I really wish I thought about keeping up with my journey over the last six months but today is the day I start. I am a mix of emotions. July 21, 2014 I had the gastric bypass surgery. The first day of the rest of my life. I had been through all the appointments. The mental health screenings, nutritionist appointments, SIX months of primary care visits and they all said YES she can do it! I thought YES I CAN DO IT! So I did.
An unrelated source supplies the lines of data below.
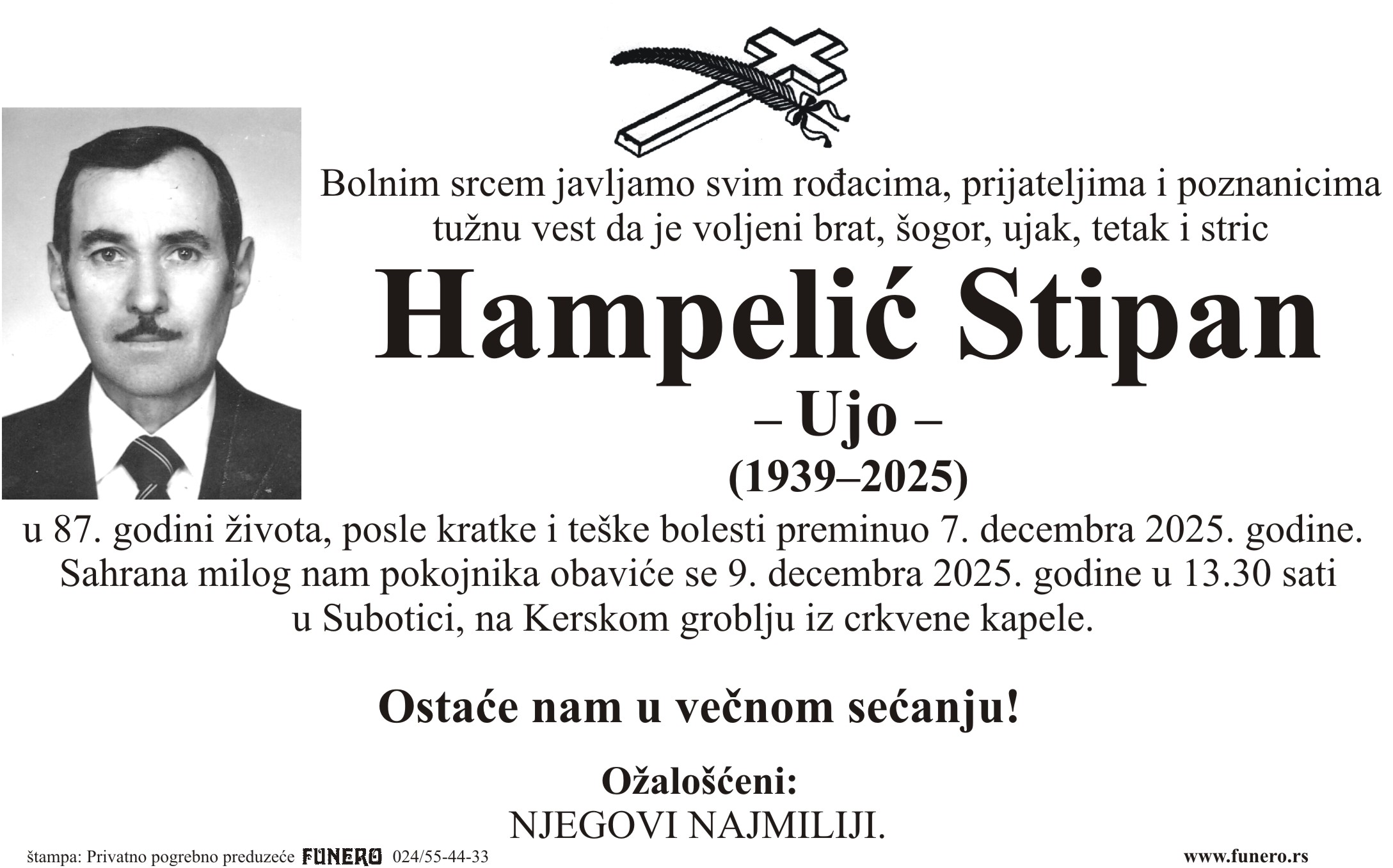 U 86. godini preminuo je Stipan Hampelić iz Subotice, iz Futoške ulice. Sahrana je 9. decembra u 13 sati i 30 minuta na Kerskom groblju iz crkvene kapele.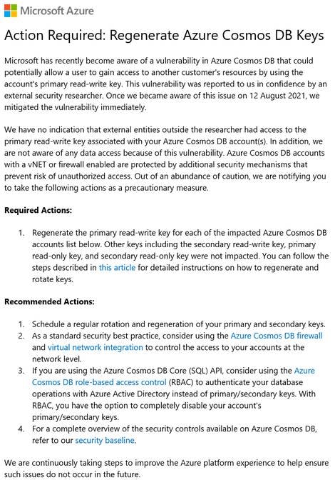 Azure Cosmos DB を活用している 3,300 を超えるユーザーにおいて、Azure Cosmos DB の読み取り/書き込み用プライマリキーが Azure Cosmos DB の Jupyter Notebook 機能の欠陥によって流出し、外部の攻撃者によって、Cosmos DB 内にあるデータの完全読み取り/書き込み/削除が実行可能の状態になっていました。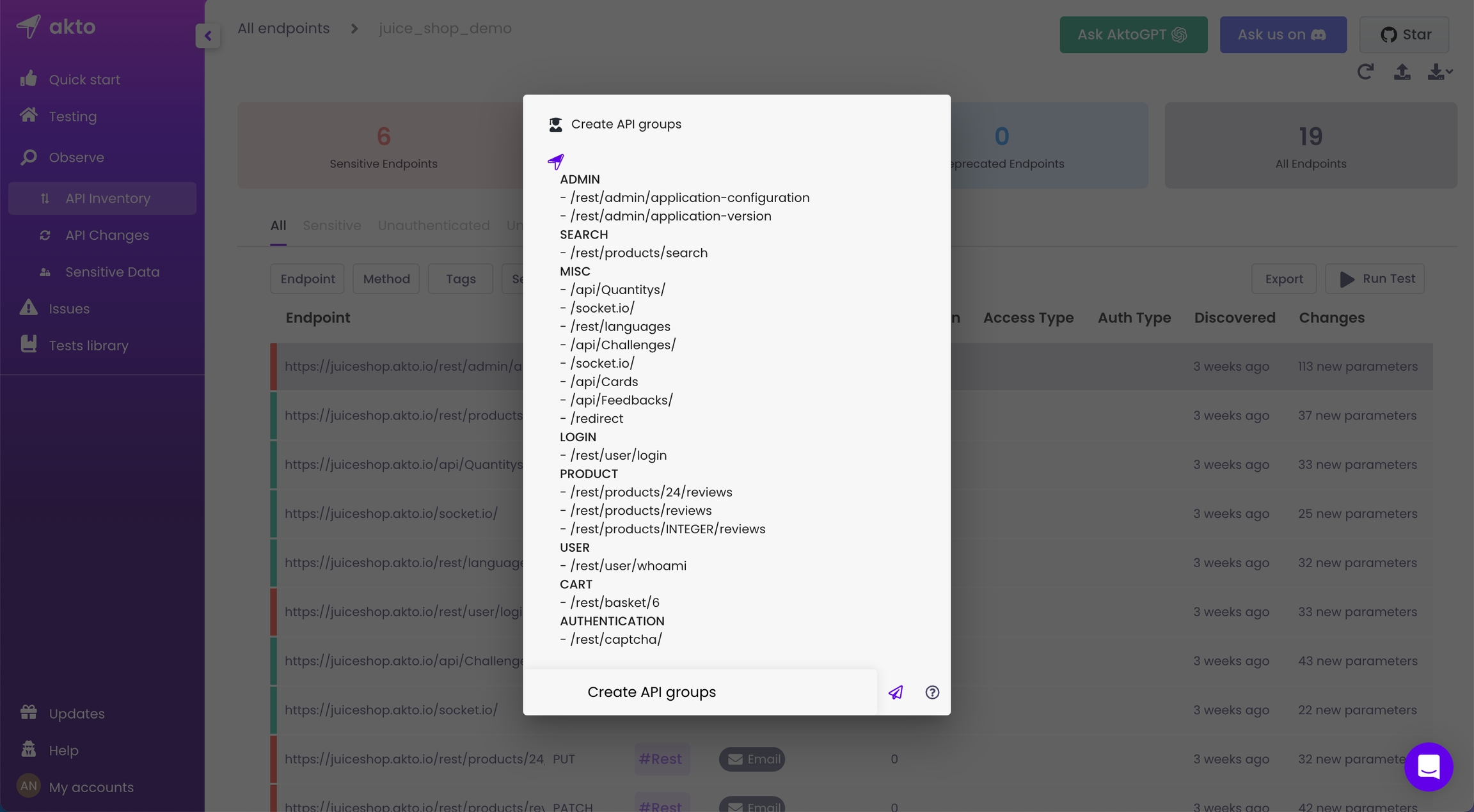 You can use AktoGPT to automatically group APIs based on their functionality. Follow these steps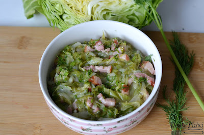 Właśnie jestem po konsumpcji, kapustka z boczusiem i do tego tylko młode ziemniaczki z koperkiem – po prostu ekstaza!
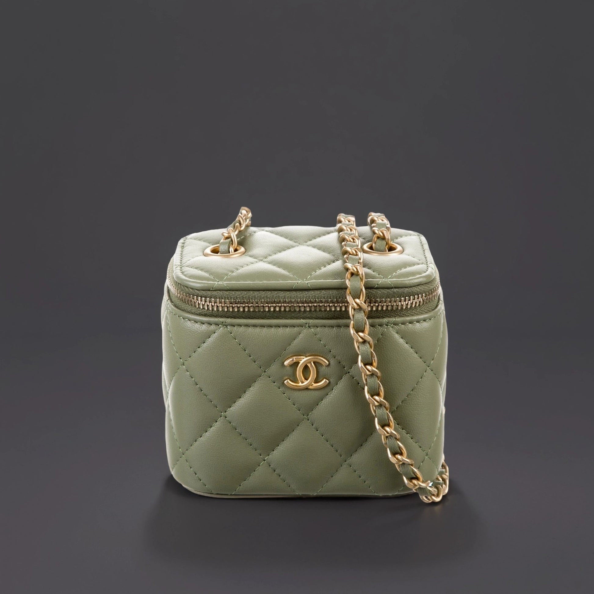 This is an authentic CHANEL Lambskin Quilted Pearl Crush Mini Vanity Case With Chain in Olive Green. This stylish crossbody is crafted of luxurious lambskin in green. The bag features a leather threaded aged gold chain-link shoulder strap and aged gold hardware. The handbag features a 3/4 wrap-around zipper that opens to a light gold fabric interior.

Well I am day 4 post op of the surgery that will change my life. It hasn't yet. I am still in pain, running fever and gained weight in the hospital (which is normal I am told). I don't want normal I want to see the scale dropping. This blog is gonna be real. Not some pretty "oh i had the surgery and now I am perfect" story because that is not real and people need to hear the truth. NO WAY DOES THAT HAPPEN. I have been on liquids for 2 weeks and everything smells so good but it doesn't taste that way. The weight has not started coming off. Today I had the thought... " I wonder if this is reversible?" So many diets failed well I failed at. I tried atkins, weight watchers, counting calories, the cabbage soup diet, medifast and nothing worked. I would lose and gain. A mean, nasty roller coaster that life had me on. So lets get this ride started. I am in the front row with my hands up in the air waiting!!! But what makes me think it will? Is the cycle broken? Will this work? I guess I will see.

For now, make sure you soul search and truly know you want to not be able to eat bread ever again, or Olive Garden or caffeine. Make sure you want to be a cheap date cause alcohol hits your bloodstream immediately. I think i made the right choice however there is no turning back now! Let's see where this roller coaster takes me.